We next leveraged these genome-clusters to compile a comprehensive genomic data resource for PhyloCNV (Figure 1c). First, we extracted a panel of 15 universal-single-copy genes from each genome-cluster (88K genes) to use for rapid metagenomic species profiling, which were selected based on their ability to accurately recruit metagenomic reads to the correct species (Methods). Second, we identified the set of unique genes within each genome-cluster to use for metagenomic pan-genome profiling (32M genes). By eliminating redundant genes with >99% nucleotide identity, we were able to reduce the number of reference genes by 73% without loss of functional diversity. This data compression facilitates more rapid analysis of strain-level variation. We further clustered these non-redundant genes at different levels of sequence identity (75-95% identity) in order to identify de novo gene families of varying size and diversity for downstream analyses. Functional annotations for these genes were obtained from PATRIC [17] and include FIGfams [24], Gene Ontology [25], and KEGG Pathways [26]. Third, we identified a representative genome from each cluster to use for identifying SNVs from metagenomes (5,952 genomes). The resulting database provides a foundation upon which we developed PhyloCNV and should be of value to other methods and studies in the future. All data resources are freely available and can be found online at: http://lighthouse.ucsf.edu/phylocnv.
An integrated pipeline for quantifying strain-level variation from shotgun metagenomes
Next, we developed PhyloCNV, which is an integrated software tool that processes shotgun metagenomes to sensitively and automatically quantify species abundance and strain-level CNVs and SNVs for any of the ~6,000 bacterial species in our database (Figure 2).
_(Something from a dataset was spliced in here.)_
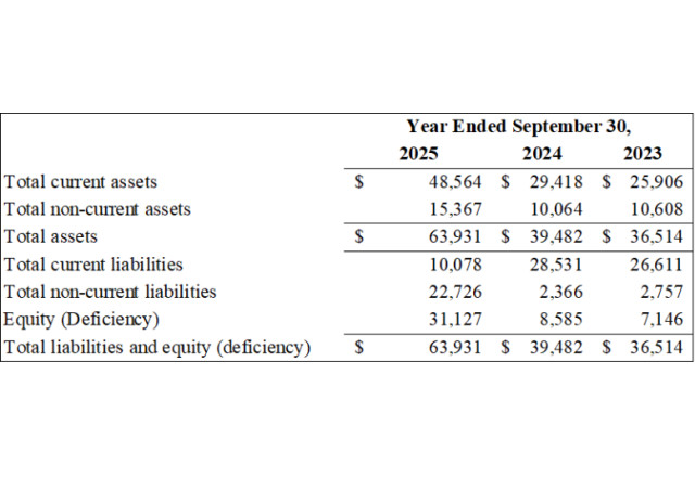 Selected Annual Financial Information for the Years ended September 30, 2025, 2024 and 2023: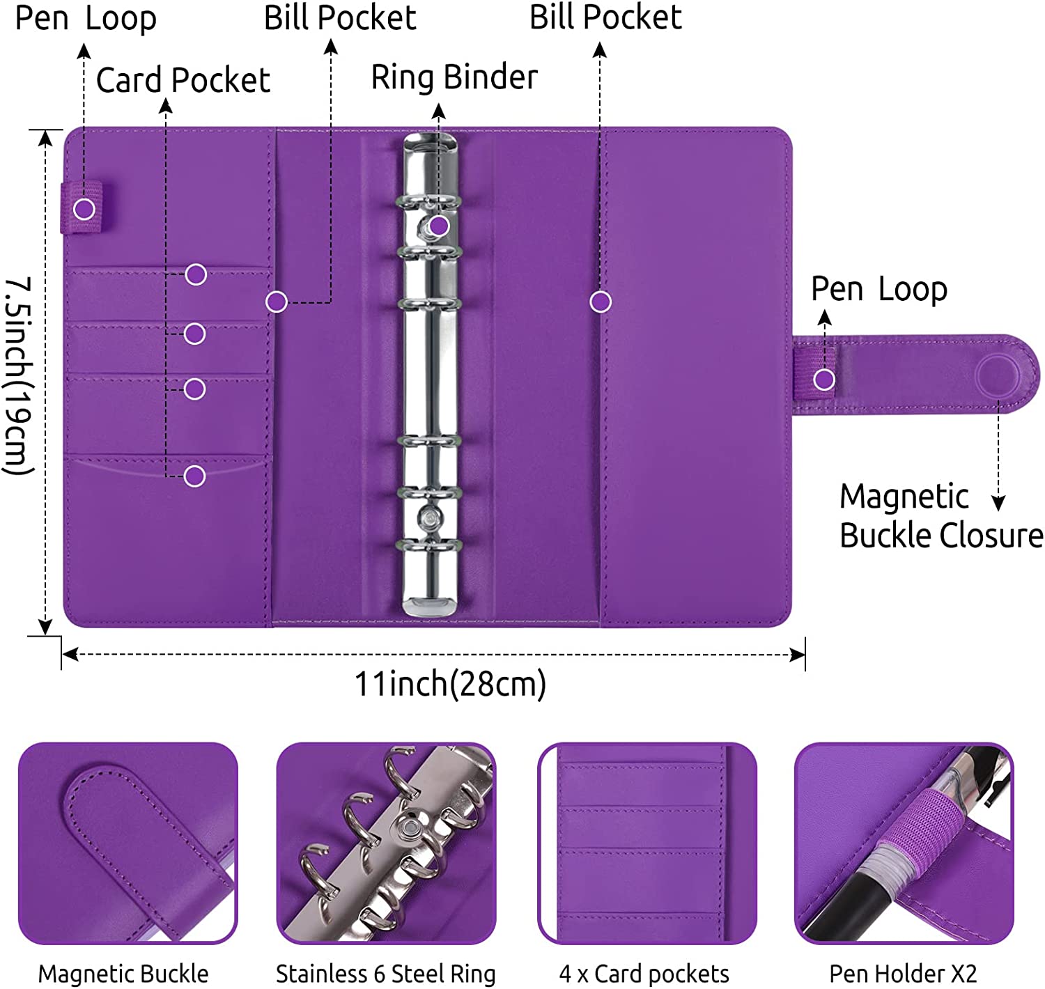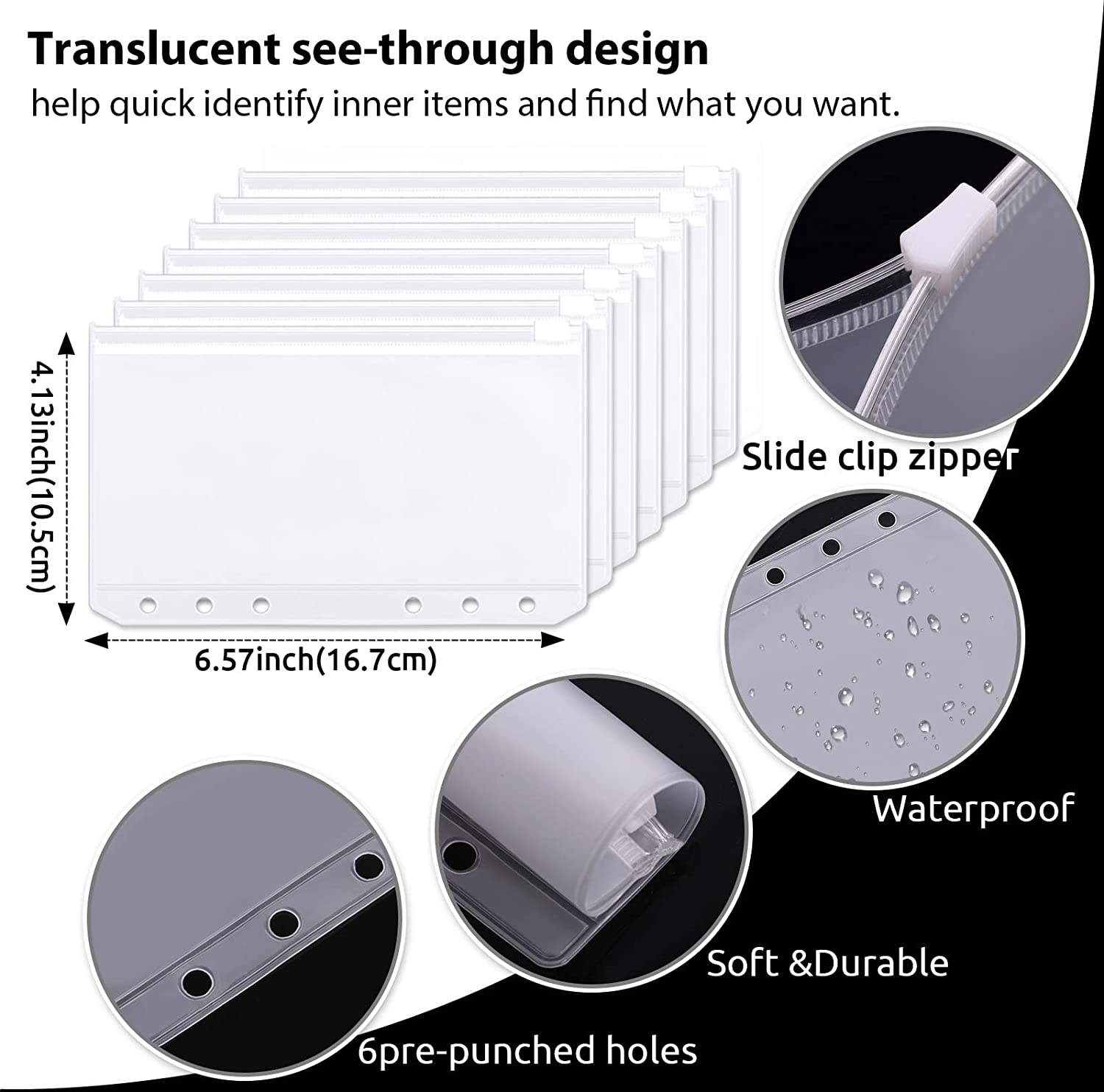 Pockets: 8PCS A6 zipper cash

CNV profiles offer an opportunity to quantify functional diversity across strains of each microbial species and to identify core genes that are consistently present in strains. SNVs in core genomic regions are useful for quantifying population diversity, dynamics, demography, and evolution. Each component of PhyloCNV was evaluated and optimized for speed and accuracy with simulations of 20 metagenomes created from real Illumina reads in order to capture sequencing error and biases that occur in real datasets (Tables S7-8 and Methods). Our software is freely available and can be found online at: https://github.com/snayfach/PhyloCNV.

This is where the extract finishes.